Aim of the exercise: Consider the listing below. Extract exactly the lines from the line containing "主衛(wèi)尺寸寬敞采取雙" to the line containing "El circuito integrado", both included.

Extracted records:
= Beginning of Section =

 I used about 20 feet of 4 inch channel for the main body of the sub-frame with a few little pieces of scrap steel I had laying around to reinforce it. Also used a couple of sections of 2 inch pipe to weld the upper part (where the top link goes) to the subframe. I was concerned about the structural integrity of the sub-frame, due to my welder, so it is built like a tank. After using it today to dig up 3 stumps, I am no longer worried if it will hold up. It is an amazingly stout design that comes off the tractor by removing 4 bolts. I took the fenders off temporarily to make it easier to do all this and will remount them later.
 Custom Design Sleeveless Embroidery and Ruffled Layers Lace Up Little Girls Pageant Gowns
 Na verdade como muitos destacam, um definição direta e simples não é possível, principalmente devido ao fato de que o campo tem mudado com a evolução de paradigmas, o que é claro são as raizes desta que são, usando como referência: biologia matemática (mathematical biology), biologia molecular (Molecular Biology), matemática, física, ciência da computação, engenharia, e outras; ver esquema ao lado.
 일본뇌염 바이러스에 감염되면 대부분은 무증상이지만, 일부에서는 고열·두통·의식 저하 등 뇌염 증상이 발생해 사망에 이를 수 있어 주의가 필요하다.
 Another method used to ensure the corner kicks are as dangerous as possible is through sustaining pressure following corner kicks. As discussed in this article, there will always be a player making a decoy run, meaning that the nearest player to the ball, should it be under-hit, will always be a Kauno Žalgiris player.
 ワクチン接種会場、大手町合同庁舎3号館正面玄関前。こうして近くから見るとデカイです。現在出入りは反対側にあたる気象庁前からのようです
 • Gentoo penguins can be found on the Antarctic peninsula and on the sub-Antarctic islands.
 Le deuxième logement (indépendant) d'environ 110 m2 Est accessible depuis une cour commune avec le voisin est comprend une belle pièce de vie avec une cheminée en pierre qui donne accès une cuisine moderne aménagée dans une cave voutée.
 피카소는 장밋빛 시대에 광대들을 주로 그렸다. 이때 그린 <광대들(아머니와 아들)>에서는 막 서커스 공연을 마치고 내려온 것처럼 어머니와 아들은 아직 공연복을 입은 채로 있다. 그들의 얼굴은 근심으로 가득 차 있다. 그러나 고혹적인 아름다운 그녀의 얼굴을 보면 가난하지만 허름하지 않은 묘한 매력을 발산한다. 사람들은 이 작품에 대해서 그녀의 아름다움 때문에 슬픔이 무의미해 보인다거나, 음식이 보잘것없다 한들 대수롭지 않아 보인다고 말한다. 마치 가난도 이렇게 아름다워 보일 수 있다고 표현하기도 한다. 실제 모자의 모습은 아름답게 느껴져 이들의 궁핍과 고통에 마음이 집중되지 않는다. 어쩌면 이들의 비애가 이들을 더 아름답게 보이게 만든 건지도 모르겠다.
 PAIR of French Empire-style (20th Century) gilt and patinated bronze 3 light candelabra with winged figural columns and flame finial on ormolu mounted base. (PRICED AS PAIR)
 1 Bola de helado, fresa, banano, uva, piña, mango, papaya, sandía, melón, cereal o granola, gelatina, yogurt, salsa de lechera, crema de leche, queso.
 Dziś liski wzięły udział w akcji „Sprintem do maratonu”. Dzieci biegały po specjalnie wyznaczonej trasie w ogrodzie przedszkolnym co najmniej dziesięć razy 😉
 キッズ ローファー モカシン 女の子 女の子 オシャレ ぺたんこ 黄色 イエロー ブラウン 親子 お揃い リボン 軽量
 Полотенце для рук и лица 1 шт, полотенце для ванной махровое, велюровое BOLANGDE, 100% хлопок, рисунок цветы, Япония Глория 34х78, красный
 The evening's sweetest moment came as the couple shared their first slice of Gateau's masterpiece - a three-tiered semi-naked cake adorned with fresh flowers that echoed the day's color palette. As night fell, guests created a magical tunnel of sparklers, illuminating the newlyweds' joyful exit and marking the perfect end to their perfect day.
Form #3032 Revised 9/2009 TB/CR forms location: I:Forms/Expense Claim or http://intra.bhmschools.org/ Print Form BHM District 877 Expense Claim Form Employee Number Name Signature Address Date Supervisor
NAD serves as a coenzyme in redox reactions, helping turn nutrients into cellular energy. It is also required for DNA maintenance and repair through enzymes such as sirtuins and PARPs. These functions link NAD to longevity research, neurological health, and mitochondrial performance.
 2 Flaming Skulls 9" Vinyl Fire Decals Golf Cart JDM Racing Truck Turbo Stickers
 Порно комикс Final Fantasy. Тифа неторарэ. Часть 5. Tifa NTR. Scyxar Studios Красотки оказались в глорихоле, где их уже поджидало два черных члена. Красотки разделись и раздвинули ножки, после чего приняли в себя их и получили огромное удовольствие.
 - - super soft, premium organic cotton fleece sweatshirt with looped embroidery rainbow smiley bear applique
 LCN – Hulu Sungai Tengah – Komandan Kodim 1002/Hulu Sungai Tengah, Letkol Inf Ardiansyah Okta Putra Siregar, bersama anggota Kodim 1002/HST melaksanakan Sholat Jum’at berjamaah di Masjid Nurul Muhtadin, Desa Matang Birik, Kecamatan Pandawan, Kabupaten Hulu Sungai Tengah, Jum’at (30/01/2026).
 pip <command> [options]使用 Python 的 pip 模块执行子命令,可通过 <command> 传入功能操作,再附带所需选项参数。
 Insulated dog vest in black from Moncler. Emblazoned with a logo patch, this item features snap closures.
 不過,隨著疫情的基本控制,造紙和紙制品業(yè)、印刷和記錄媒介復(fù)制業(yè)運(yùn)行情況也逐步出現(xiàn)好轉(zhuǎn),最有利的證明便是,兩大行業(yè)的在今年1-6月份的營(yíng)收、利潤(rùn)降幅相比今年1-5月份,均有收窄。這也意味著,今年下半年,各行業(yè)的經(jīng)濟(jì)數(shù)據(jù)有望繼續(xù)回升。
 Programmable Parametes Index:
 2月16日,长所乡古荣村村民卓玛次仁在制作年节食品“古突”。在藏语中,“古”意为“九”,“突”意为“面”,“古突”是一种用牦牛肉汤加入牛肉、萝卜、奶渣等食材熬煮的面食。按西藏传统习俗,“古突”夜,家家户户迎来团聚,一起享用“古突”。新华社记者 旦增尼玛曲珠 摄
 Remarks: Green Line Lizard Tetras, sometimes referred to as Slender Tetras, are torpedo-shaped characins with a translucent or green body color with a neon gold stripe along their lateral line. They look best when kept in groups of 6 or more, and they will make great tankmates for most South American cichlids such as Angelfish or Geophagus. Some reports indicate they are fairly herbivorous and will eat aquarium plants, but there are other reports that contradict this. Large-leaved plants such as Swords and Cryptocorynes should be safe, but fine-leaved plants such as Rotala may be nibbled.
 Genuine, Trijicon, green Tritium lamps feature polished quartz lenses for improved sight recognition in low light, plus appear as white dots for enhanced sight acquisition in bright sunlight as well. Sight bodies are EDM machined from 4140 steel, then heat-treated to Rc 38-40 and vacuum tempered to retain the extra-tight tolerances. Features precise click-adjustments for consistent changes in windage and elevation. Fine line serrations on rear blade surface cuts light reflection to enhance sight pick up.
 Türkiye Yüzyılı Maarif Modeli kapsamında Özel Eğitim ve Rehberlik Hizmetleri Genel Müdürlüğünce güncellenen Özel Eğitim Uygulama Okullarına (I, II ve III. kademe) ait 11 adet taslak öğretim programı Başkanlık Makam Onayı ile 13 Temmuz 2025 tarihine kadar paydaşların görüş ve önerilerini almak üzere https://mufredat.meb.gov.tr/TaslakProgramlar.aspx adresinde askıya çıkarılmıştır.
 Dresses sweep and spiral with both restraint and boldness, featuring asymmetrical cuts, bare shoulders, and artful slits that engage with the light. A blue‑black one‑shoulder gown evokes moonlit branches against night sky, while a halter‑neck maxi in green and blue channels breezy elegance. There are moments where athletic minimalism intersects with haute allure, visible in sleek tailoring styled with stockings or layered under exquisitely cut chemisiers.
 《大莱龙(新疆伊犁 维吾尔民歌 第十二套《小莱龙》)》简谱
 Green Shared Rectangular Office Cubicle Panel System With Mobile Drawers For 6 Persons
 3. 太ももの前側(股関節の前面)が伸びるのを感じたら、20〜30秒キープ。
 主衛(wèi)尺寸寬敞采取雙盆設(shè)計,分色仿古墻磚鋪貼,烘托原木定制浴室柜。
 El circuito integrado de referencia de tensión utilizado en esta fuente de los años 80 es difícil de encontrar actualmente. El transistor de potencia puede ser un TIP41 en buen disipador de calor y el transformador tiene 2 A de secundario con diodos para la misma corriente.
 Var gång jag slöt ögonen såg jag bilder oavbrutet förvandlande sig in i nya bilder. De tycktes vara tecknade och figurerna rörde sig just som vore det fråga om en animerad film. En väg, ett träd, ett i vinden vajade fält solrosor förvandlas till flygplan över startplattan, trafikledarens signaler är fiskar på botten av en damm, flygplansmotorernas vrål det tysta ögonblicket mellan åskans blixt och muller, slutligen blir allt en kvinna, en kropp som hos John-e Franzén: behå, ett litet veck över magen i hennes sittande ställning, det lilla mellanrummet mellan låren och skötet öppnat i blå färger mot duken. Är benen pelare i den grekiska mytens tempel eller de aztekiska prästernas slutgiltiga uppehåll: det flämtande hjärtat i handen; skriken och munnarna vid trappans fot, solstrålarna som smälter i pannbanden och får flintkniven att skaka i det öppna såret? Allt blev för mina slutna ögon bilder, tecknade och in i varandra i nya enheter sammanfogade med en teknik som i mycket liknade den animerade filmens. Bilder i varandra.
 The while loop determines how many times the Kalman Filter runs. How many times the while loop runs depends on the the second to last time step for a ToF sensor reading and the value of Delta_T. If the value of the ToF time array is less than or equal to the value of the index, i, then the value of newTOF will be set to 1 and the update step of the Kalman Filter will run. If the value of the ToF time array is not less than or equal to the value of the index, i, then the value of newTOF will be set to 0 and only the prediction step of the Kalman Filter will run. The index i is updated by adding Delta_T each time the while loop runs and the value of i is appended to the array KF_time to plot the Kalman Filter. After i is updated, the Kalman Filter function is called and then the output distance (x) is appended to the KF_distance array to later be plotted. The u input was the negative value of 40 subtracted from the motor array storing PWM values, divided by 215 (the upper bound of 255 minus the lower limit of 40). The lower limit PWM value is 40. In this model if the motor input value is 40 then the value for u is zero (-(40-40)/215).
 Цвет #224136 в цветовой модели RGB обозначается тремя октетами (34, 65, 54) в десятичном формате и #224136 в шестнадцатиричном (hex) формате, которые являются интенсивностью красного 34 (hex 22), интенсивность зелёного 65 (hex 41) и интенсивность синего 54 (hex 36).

= End of Section =

Problem solution:
 主衛(wèi)尺寸寬敞采取雙盆設(shè)計,分色仿古墻磚鋪貼,烘托原木定制浴室柜。
 El circuito integrado de referencia de tensión utilizado en esta fuente de los años 80 es difícil de encontrar actualmente. El transistor de potencia puede ser un TIP41 en buen disipador de calor y el transformador tiene 2 A de secundario con diodos para la misma corriente.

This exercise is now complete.